## SUPPLIED INFORMATION

= = = = = = =

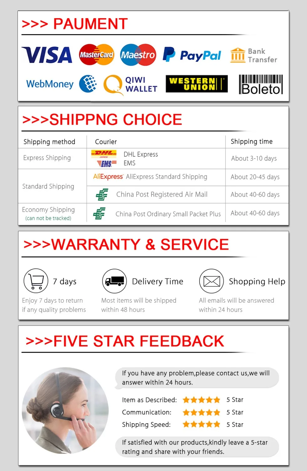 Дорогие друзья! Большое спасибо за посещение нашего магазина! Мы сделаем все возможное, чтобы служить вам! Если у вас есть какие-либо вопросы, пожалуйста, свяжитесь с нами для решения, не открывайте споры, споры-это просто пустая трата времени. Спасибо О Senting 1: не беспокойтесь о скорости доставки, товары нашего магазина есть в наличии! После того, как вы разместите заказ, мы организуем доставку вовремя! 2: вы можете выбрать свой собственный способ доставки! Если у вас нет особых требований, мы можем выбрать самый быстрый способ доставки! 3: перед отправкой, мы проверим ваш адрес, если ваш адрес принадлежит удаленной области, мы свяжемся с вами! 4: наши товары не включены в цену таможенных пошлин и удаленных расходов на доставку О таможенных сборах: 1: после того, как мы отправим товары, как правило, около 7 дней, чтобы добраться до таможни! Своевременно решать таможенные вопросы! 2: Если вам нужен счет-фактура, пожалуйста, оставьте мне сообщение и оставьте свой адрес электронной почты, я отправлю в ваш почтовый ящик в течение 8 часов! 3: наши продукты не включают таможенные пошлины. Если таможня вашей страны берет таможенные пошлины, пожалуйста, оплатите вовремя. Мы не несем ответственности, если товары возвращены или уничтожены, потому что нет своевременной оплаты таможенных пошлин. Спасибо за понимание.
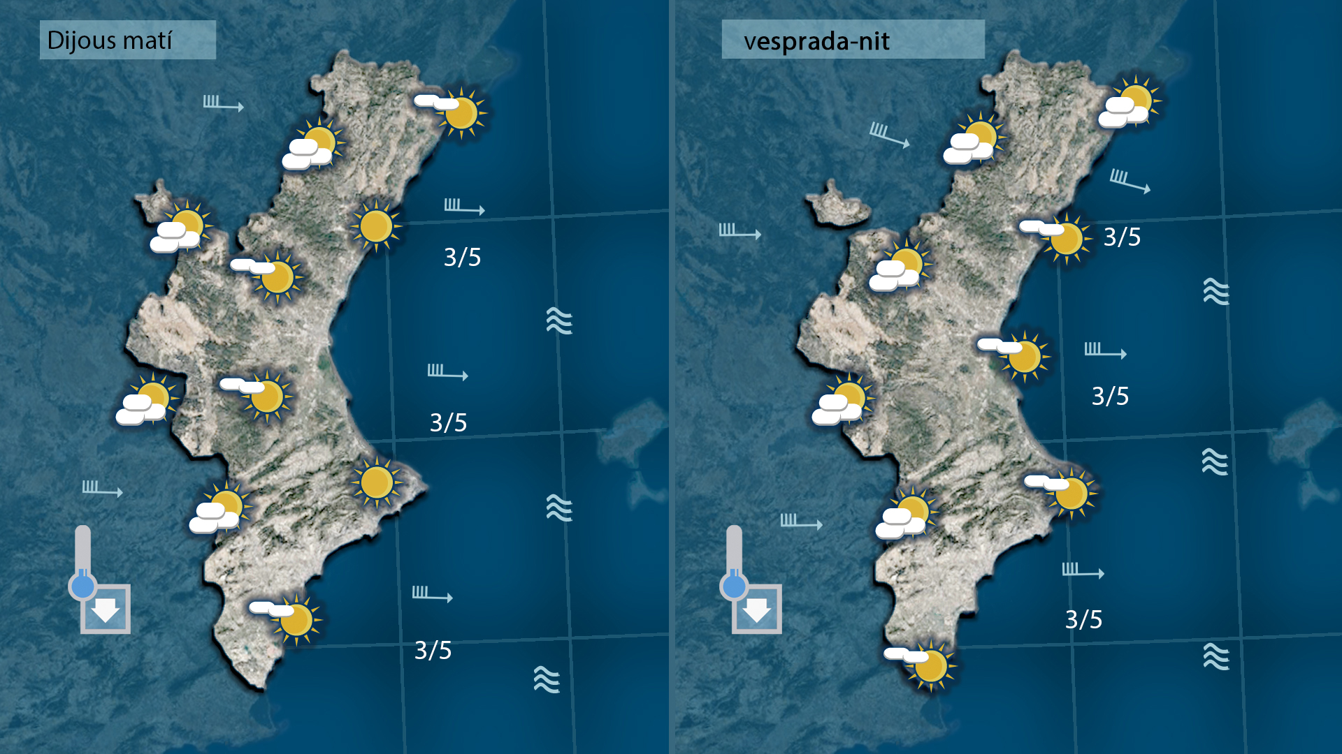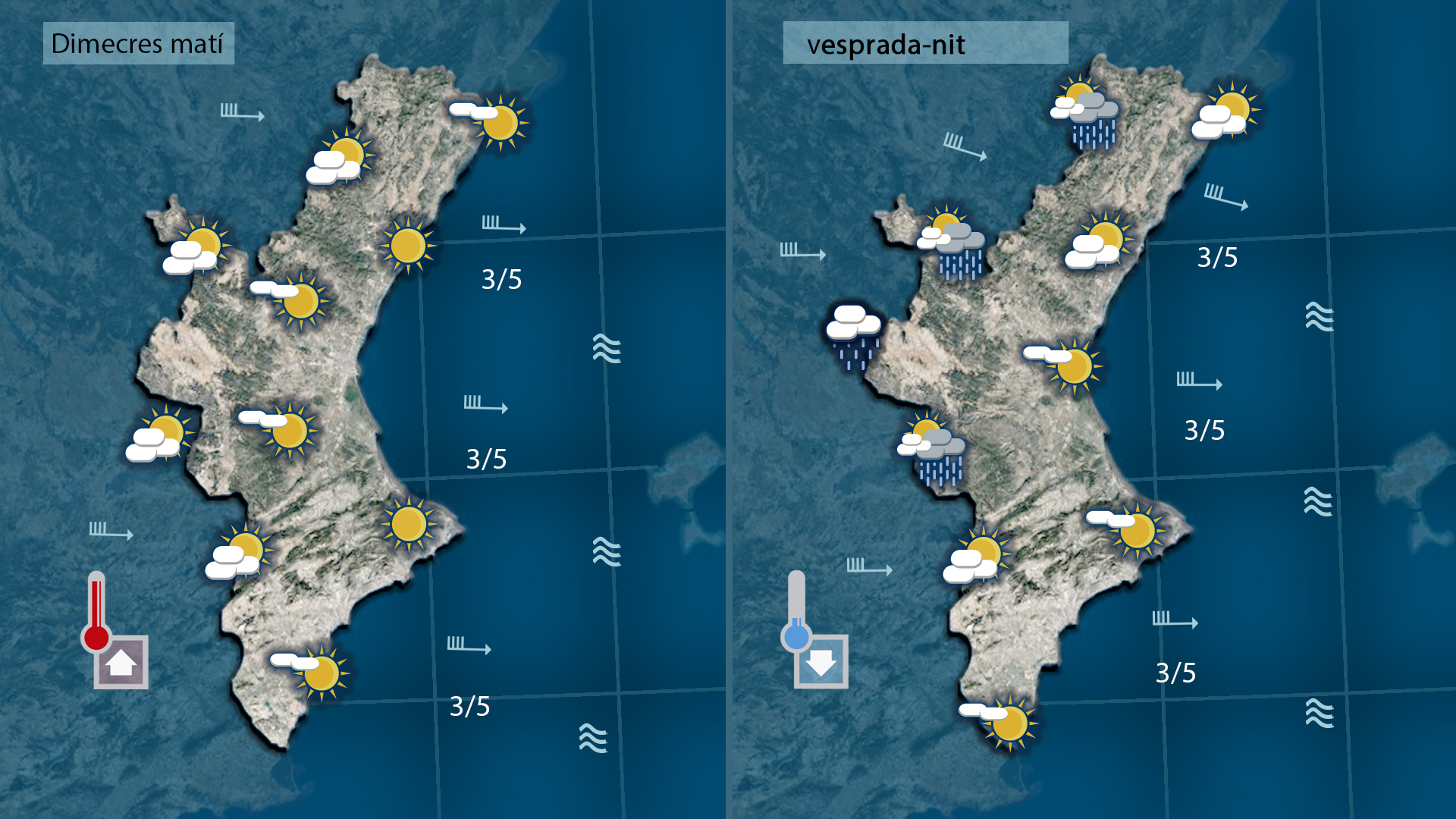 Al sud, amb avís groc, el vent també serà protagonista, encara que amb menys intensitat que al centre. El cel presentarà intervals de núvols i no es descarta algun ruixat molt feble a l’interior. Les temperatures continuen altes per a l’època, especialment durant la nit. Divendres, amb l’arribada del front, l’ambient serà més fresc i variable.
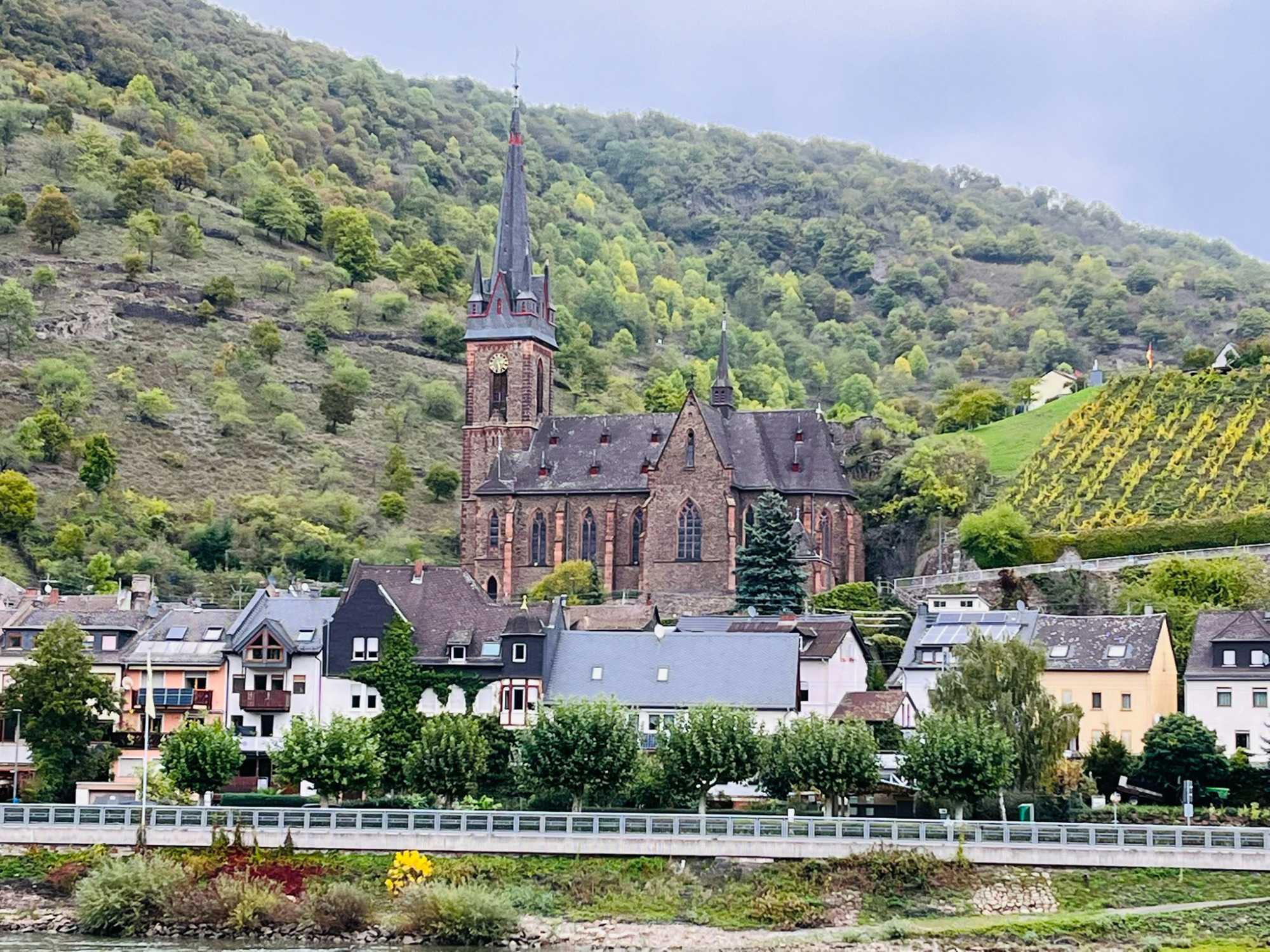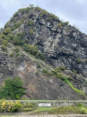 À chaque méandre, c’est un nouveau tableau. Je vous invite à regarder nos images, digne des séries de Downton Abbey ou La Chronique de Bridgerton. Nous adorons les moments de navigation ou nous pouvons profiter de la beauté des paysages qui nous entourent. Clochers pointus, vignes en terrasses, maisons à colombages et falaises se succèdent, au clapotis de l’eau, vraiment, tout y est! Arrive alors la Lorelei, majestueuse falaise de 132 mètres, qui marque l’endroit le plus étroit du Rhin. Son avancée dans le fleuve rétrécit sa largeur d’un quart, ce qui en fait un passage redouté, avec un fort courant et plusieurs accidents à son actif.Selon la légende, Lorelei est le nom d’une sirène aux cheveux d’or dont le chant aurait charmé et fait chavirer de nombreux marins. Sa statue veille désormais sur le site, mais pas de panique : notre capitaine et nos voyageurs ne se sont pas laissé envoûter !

= = = = = = =

## GOAL OF THE EXERCISE
Set down all of the material word for word, minus its pictures.

## EXERCISE RESULT
 Дорогие друзья! Большое спасибо за посещение нашего магазина! Мы сделаем все возможное, чтобы служить вам! Если у вас есть какие-либо вопросы, пожалуйста, свяжитесь с нами для решения, не открывайте споры, споры-это просто пустая трата времени. Спасибо О Senting 1: не беспокойтесь о скорости доставки, товары нашего магазина есть в наличии! После того, как вы разместите заказ, мы организуем доставку вовремя! 2: вы можете выбрать свой собственный способ доставки! Если у вас нет особых требований, мы можем выбрать самый быстрый способ доставки! 3: перед отправкой, мы проверим ваш адрес, если ваш адрес принадлежит удаленной области, мы свяжемся с вами! 4: наши товары не включены в цену таможенных пошлин и удаленных расходов на доставку О таможенных сборах: 1: после того, как мы отправим товары, как правило, около 7 дней, чтобы добраться до таможни! Своевременно решать таможенные вопросы! 2: Если вам нужен счет-фактура, пожалуйста, оставьте мне сообщение и оставьте свой адрес электронной почты, я отправлю в ваш почтовый ящик в течение 8 часов! 3: наши продукты не включают таможенные пошлины. Если таможня вашей страны берет таможенные пошлины, пожалуйста, оплатите вовремя. Мы не несем ответственности, если товары возвращены или уничтожены, потому что нет своевременной оплаты таможенных пошлин. Спасибо за понимание.
 Al sud, amb avís groc, el vent també serà protagonista, encara que amb menys intensitat que al centre. El cel presentarà intervals de núvols i no es descarta algun ruixat molt feble a l’interior. Les temperatures continuen altes per a l’època, especialment durant la nit. Divendres, amb l’arribada del front, l’ambient serà més fresc i variable.
 À chaque méandre, c’est un nouveau tableau. Je vous invite à regarder nos images, digne des séries de Downton Abbey ou La Chronique de Bridgerton. Nous adorons les moments de navigation ou nous pouvons profiter de la beauté des paysages qui nous entourent. Clochers pointus, vignes en terrasses, maisons à colombages et falaises se succèdent, au clapotis de l’eau, vraiment, tout y est! Arrive alors la Lorelei, majestueuse falaise de 132 mètres, qui marque l’endroit le plus étroit du Rhin. Son avancée dans le fleuve rétrécit sa largeur d’un quart, ce qui en fait un passage redouté, avec un fort courant et plusieurs accidents à son actif.Selon la légende, Lorelei est le nom d’une sirène aux cheveux d’or dont le chant aurait charmé et fait chavirer de nombreux marins. Sa statue veille désormais sur le site, mais pas de panique : notre capitaine et nos voyageurs ne se sont pas laissé envoûter !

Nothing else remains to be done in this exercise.